Впрочем, и сегодня ночью Кюллики опять спала плохо, всё меняла позицию, будто она спала не одна, а со страстным мужчиной, и даже не страстным, а ужасно надоедливым большим мужчиной, который, не переставая, гладил ее по ногам, тискал, сжимал в своих объятиях. Словно пытался сделать из нее что-то совсем иное, слепить из ее тела, как из теста, новую, подходящую для него форму. И его прикосновения были до того неприятны, до того липки и шершавы одновременно, до того приторно сладки, что Кюллики очень хотелось сбросить кожу в том месте, где до нее дотрагивались. Она уж и на спину ляжет, широко расставив ноги, и на живот, подогнув коленки под подушку собственного живота, чтоб этот мужчина, не стесняясь своего внешнего вида, наконец-то вошел-провалился в нее, проявив и удовлетворив тем самым свои скотские похотливые желания. Наконец-то бы уже взял ее, перестав мучить, да хотя бы и сзади, по- собачьи.

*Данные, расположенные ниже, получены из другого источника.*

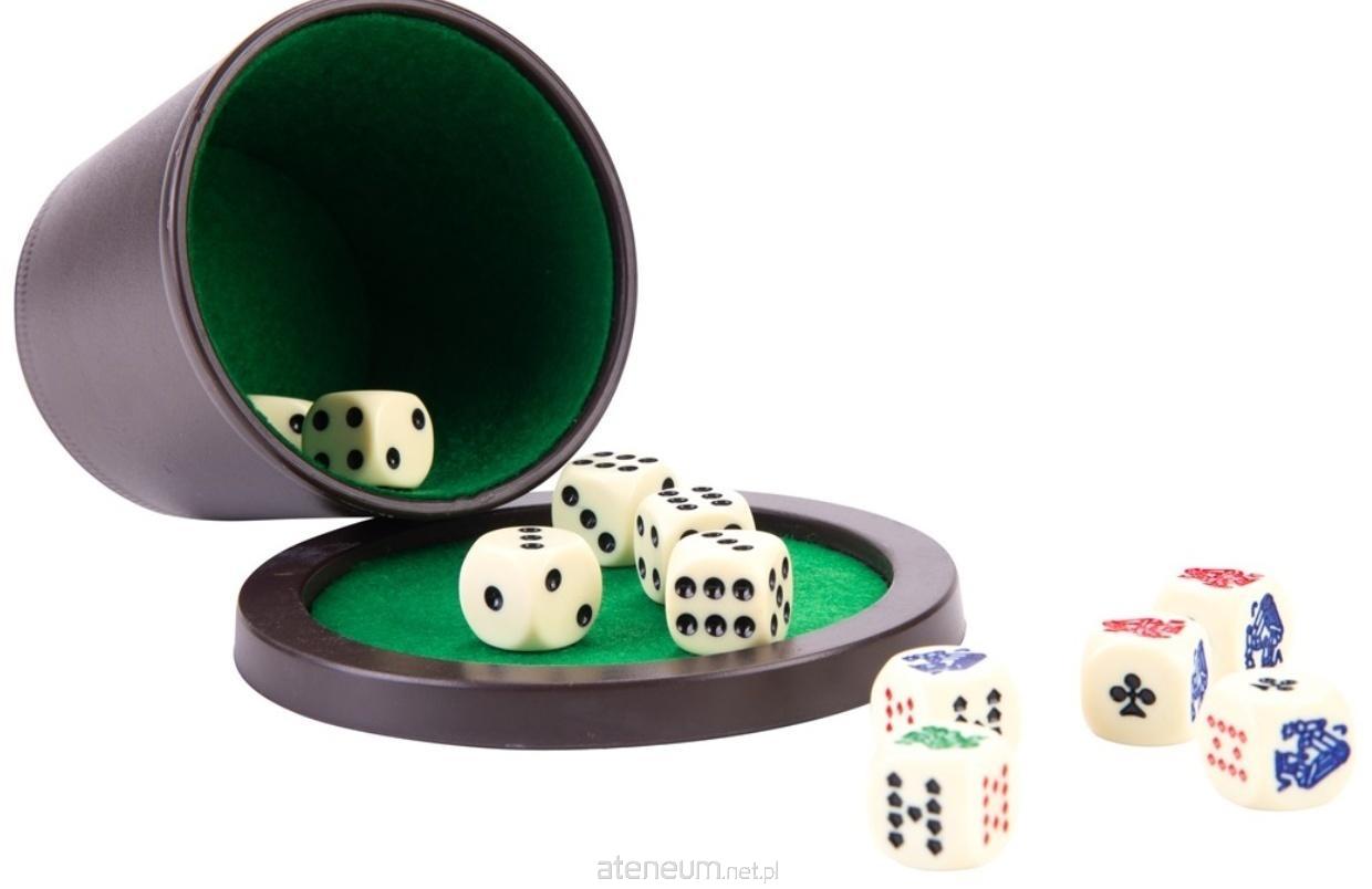 Kości pokerowe i oczkowe pozwalają na rozgrywkę w wiele różnych gier, a dołączony kubek i tacka zwiększają wygodę oraz porządkują zabawę. Wysoka jakość wykonania gwarantuje trwałość i komfort gry przez długi czas. Cechy produktu:

А потом Кюллики приснилось, как кто-то ползет сзади по ноге. Кто-то очень склизкий и неприятный. В общем, Кюллики стало плохо от этого кошмара, аж в животе закололо. Хотя с утра не нужно было бежать на работу: все-таки выходной. Зато ей уже к двенадцати бежать на свидание с булочником Пеккой, чтобы хотя бы что-то найти в этих мужчинах. А потом еще она обещала позвонить своей подружке Лийсе и рассказать, что она сегодня такого нашла. Но тело после бессонной ночи было вялым, и маленькие морщинки-трещинки на веках и на шее, к тому же лицо выглядит как-то очень бледно, а под глазами синяки. И все это надо срочно поправить, замазать пудрой. Той самой волшебной пудрой, что запудривает не только отражение в зеркале, но и мужчин. Той самой сладкой пудрой, что от торопливости попадает в рот.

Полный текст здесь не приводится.